I support Obama in closing Gitmo and bringing these guys to the mainland and locking them away while we figure out what to do with them. But I can also understand the revulsion felt by the protesters: It would be akin to the revulsion we felt with Mahmoud Ahmadenijad (or whatever his name is) and his visit to New York at the invitation of a university to speak and debate. I was irritated that this man who so openly opposes America and advocates a second Holocaust be allowed on our soil. We allowed it to happen, none the less. However, for a large segment of our population, the inmates at Gitmo are forever associated with 9/11 and Al Qaeda, and they will never accept such people being on our homeland again.

Re: It is an emotional response
by BookBeast

Maybe in some cases it's an emotional response, but I don't feel as charitable as you do about all the people saying "Not In My Backyard!" I think in at least some cases it's a calculated response. It's easy for the people raising a fuss to look tough and appeal to their base by saying they don't want any former Gitmo detainees in their state, even though such an argument isn't helpful. Gitmo is such a smear on our national reputation that it needs to be closed, and the dangerous people housed there need to be put somewhere. The politicians who are raising a stink about it know that can't change it, but they think it makes them look macho and principled (instead of selfish) if they raise said stink.

Re: It is an emotional response
by marktx

Part of the emotion in the response, I think, is this:

It is somehow much easier to view the terrorists as being of some other species than our own. Even if it means that we irrationally attribute superhuman powers to them, it's still more reassuring than imagining that any ordinary human being on the planet has within themselves all the resources needed to commit terrorism or other heinous acts.

So we cling to the reassuring labels and keep them on "Super Villain Island" rather than contemplate the disturbing possibility that people not so very different from ourselves might do such horrible things.

We need for them to be exotic and different because it scares us too much if they're not.

Re: It is an emotional response
by quillsinister
I wonder. For every actual al Qaeda operative in Gitmo, how many were just unemployed young men angry that we bombed the hell out of their country? You can't lump those two kinds of people into the same catch-all title of terrorist. I mean, obviously you can, because the American people largely do, but that doesn't make it correct.
Re: It is an emotional response
by sigmond

Honestly, right now, stop what you're doing and write to your state rep and beg them to bring them into your neck of the woods. All of you do it right now.

Done? Great. Now tell me if your democratic reps have enough hair on their balls to take your suggestion.

Re: It is an emotional response
by BookBeast

sigmond:

Honestly, right now, stop what you're doing and write to your state rep and beg them to bring them into your neck of the woods. All of you do it right now.

Done? Great. Now tell me if your democratic reps have enough hair on their balls to take your suggestion.

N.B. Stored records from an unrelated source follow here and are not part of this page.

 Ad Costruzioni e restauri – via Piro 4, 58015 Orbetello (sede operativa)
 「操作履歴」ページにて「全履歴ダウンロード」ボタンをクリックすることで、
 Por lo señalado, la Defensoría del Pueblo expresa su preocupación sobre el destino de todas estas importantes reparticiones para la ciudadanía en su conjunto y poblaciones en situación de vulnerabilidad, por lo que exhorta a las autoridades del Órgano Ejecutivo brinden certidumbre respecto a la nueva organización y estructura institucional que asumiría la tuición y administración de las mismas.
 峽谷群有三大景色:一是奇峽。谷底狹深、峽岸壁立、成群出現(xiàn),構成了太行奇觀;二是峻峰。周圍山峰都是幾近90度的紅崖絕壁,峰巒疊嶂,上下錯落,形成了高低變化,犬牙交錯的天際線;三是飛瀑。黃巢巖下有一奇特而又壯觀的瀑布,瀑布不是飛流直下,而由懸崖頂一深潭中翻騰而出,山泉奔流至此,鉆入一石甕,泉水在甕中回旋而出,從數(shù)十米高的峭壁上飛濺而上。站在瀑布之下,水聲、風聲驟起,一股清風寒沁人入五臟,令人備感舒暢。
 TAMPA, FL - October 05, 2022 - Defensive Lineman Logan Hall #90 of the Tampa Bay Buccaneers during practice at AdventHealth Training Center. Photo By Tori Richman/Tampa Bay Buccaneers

Actually, this Michigan Democrat suggested that the detainees should be housed in a former state prison in his district, and he's trying to gain support for the idea. And I didn't even have to write to him first.

Your turn. Find me a Republican who's volunteering to take the detainees.

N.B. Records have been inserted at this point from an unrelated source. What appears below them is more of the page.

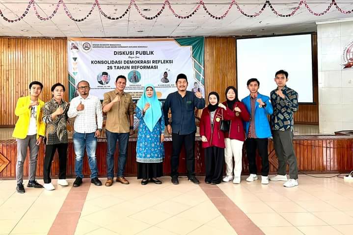 Provinsi Bengkulu, Jonaidi, SP, menjadi narasumber Diskusi Publik di Kampus Universitas Islam Negri Fatmawati Sukarno (UINFAS) Bengkulu dengan tema “Konsolidasi Demokrasi Refleksi 25 Tahun Demokrasi”. Acara tersebut berlangsung di Gedung Audit Kampus UINFAS Bengkulu itu sendiri. Sabtu pagi (20/05/2023).
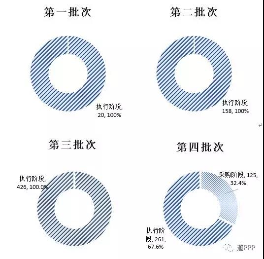 第一批20個示范項目自2016年底以來、第二批158個示范項目自2017年3月以來、第三批426個示范項目自2018年3月以來均已100%落地。第四批示范項目中落地項目261個,落地率67.6%。四批示范項目各自落地率如圖2-2-2。
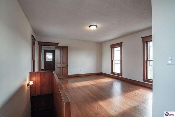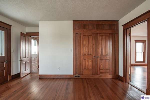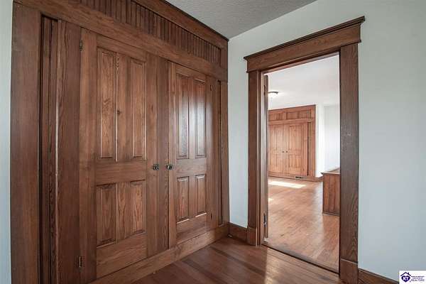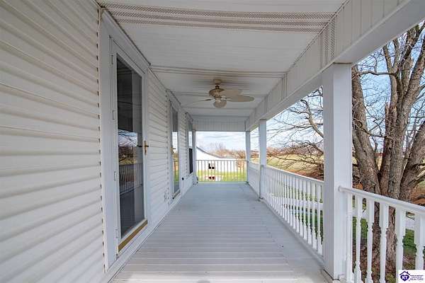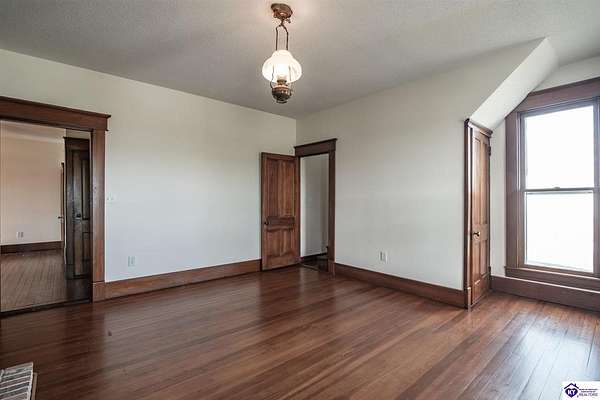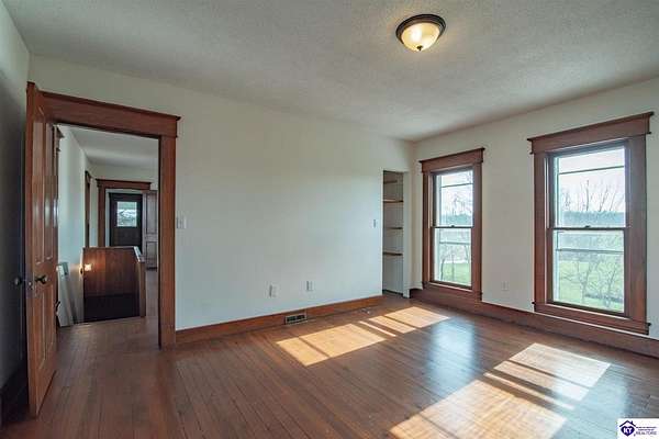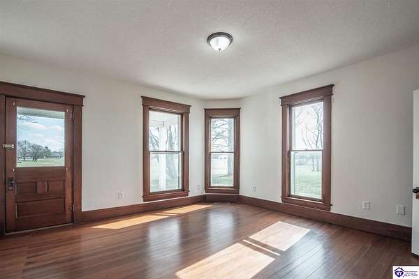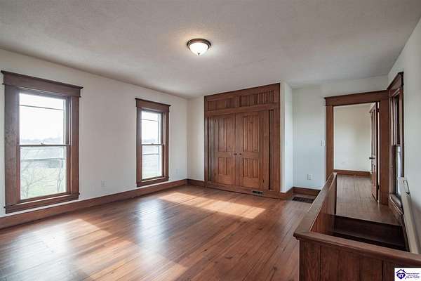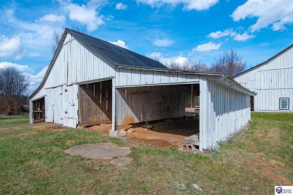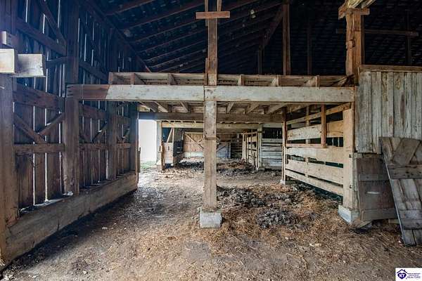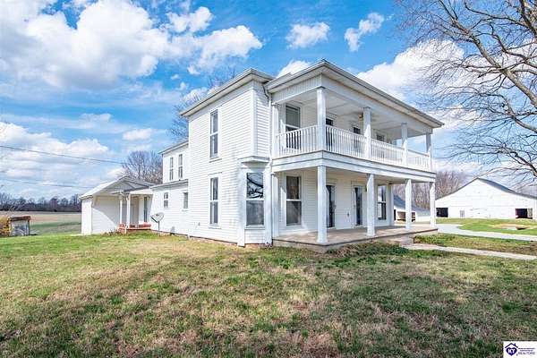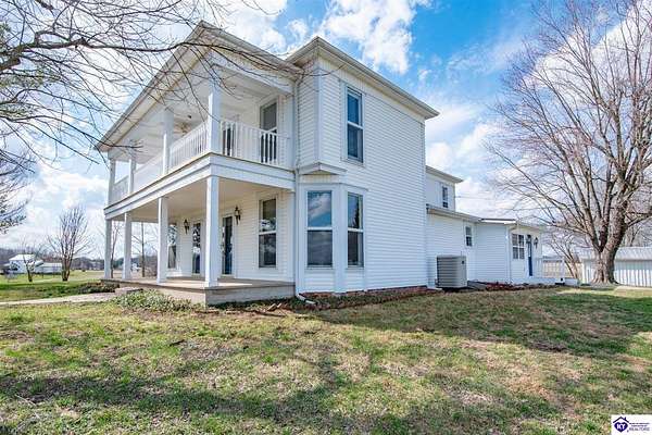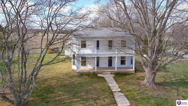 Step back in time with this magnificent Colonial home, built in 1887, where history and modern comfort intertwine on over five sprawling acres of Kentucky countryside. From the moment you approach the covered two-story front porch, you'll fall in love with the history within these walls. Inside, hand-crafted millwork, tall ceilings, and large windows adorned with intricate wood trim create an atmosphere of timeless elegance. Some windows still feature the original wavy glass, a charming reminder of the home's nineteenth-century origins. Gorgeous hardwood flooring flows throughout most of the residence, complemented by authentic period doorknobs that add delightful character to every room. The main level welcomes you with a picturesque primary bedroom featuring a beautifully renovated bathroom shower. A second bedroom on the main level boasts a cozy gas log fireplace, perfect for chilly evenings. The generous sunroom bathes in natural light, offering a tranquil retreat any time of day. The kitchen blends old-world charm with modern convenience, showcasing granite countertops and updated appliances. Two separate staircases lead to the second level, where four additional bedrooms provide flexibility for family living, guest quarters, or bonus gathering spaces. This home has been lovingly maintained and very well insulated to todays standards. Outside, the magic continues. A large pond creates a serene backdrop, while multiple barns stand ready for livestock, hobbies, or storage. A detached garage and covered patio area with a built-in shed round out this remarkable property. Homes like this simply aren't built anymore. Schedule your private tour today and discover the rare blend of heritage and heart waiting for you.

Re: It is an emotional response
by quillsinister

Sorry, I've been bouncing from one overseas post to another for the last seven years. My neck of the woods would do you no good.

But as one of the guys who bombed the hell out of their country, the question is of slightly more than academic interest to me. My point stands; we cannot put everyone we happen to not like under the same catch-all label. It's sloppy, to say the least.